Work order
The line containing "左胸のパッチポケットには黒ベ" marks the end: extract everything from the first line of the data through that line, exactly, with no pictures.

___ Data segment ___

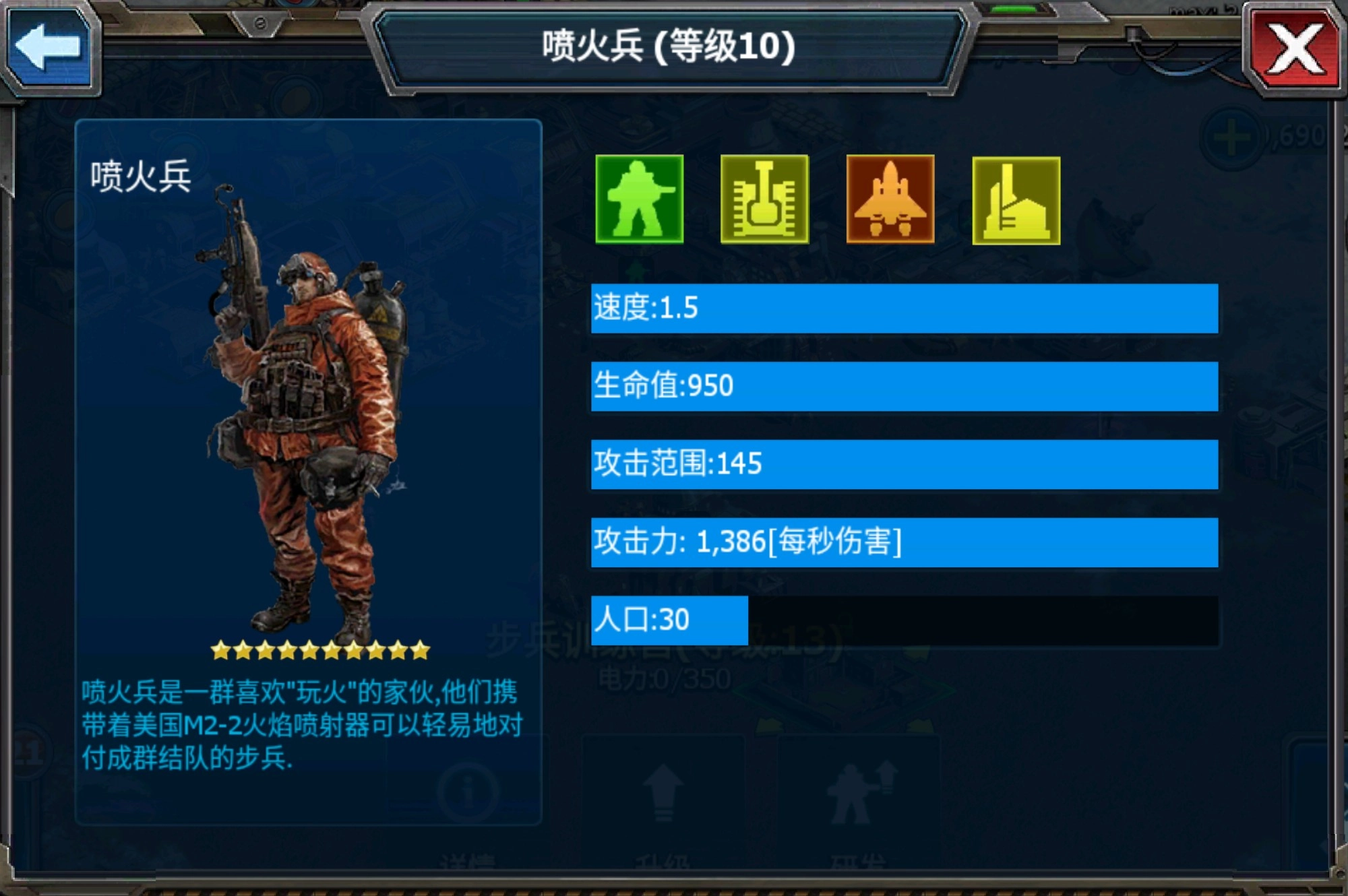 8、精英喷火兵(解锁精英兵种将取代原有喷火兵)
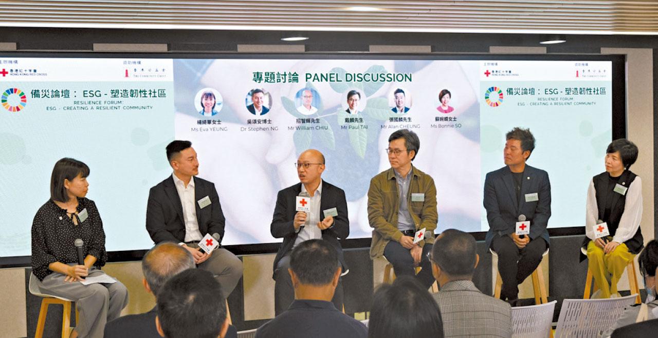 (左起) 香港紅十字會社區備災服務高級經理楊綺華、香港中文大學社會責任及可持續發展處高級經理(科學傳訊)吳頌安、滙豐銀行慈善基金諮詢委員會秘書長招智輝、萬美集團遠東區總裁戴麟、一口設計工作室有限公司聯合創辦人及行政總監張國麟、香港紅十字會行政總裁/秘書長蘇婉嫻就ESG及建設韌性社區手法進行討論。
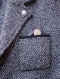 左胸のパッチポケットには黒ベースの花柄プリントのポケットチーフを配し、どこかダンディさを感じさせる仕上がりとなっています。
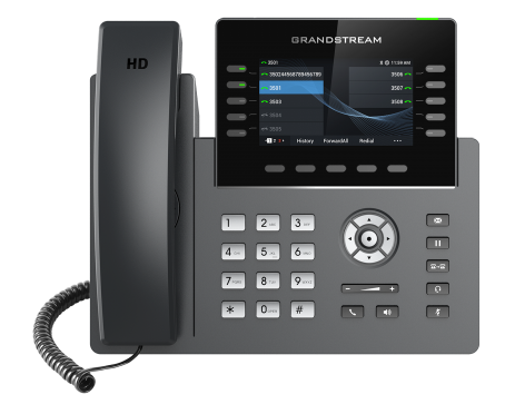 The Grandstream GRP2615 is a desk and wall mountable audio phone with 10 programmable buttons. The GRP2615 includes Wifi, Bluetooth, and expansion port for a 20-button side car. Key differences between the GRP and GXP series is WiFi, sleeker look, and upgraded firmware.

___

Answer section
 8、精英喷火兵(解锁精英兵种将取代原有喷火兵)
 (左起) 香港紅十字會社區備災服務高級經理楊綺華、香港中文大學社會責任及可持續發展處高級經理(科學傳訊)吳頌安、滙豐銀行慈善基金諮詢委員會秘書長招智輝、萬美集團遠東區總裁戴麟、一口設計工作室有限公司聯合創辦人及行政總監張國麟、香港紅十字會行政總裁/秘書長蘇婉嫻就ESG及建設韌性社區手法進行討論。
 左胸のパッチポケットには黒ベースの花柄プリントのポケットチーフを配し、どこかダンディさを感じさせる仕上がりとなっています。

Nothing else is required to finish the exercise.